Our notions of the Stranger embedded in Stranger Danger are also highly codified by these violent histories, as Ahmed says “… some bodies become dangerous, others endangered… violence becomes instructions when it is accompanied by a narrative” (2017, pg. 24). Our socio-historical and political instructive narrative is one of white capitalist hetero-patriarchal supremacy. We bodies that have been made bags heavy with the past. Body bags weighted by biographies of violence, with wounds of shame that have seeped into the sentence of our self-articulation.
Somewhere down the line, a brutal Black patriarchy came to replace a brutal white patriarchy, and we; the femme, Trans and queer were still left out in the hunting ground, prey for snatching. What are the radical possibilities of liberation and creation of a Black masculinity that does the intentional work of refusing to articulate itself in wounded attachment to a racially gendered masculinist historical order? One that chooses rather, to queer the creations of Black masculinity, and one that ultimately ponders “when, beneath the black mask, a human being begins to make himself felt one cannot escape a certain awful wonder as to what kind of human being it is.” (Baldwin, 1955: n.a).

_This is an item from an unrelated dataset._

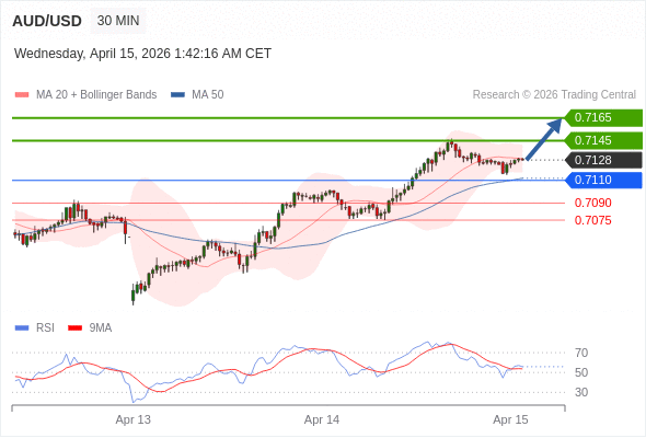 在 0.7110 之上,看涨,目标价位为 0.7145 ,然后为 0.7165 。

We often talk about a new day coming, close your eyes can you hear her? I used to think I knew what this meant and looked like but now I accept with a defeated humility and exhaustion that I in fact, have no idea. All that I do know is that these histories that have birthed such violence and pain are not Infallible Fathers and perhaps Disavowal as a tool of dismantling may be the beginning of their end.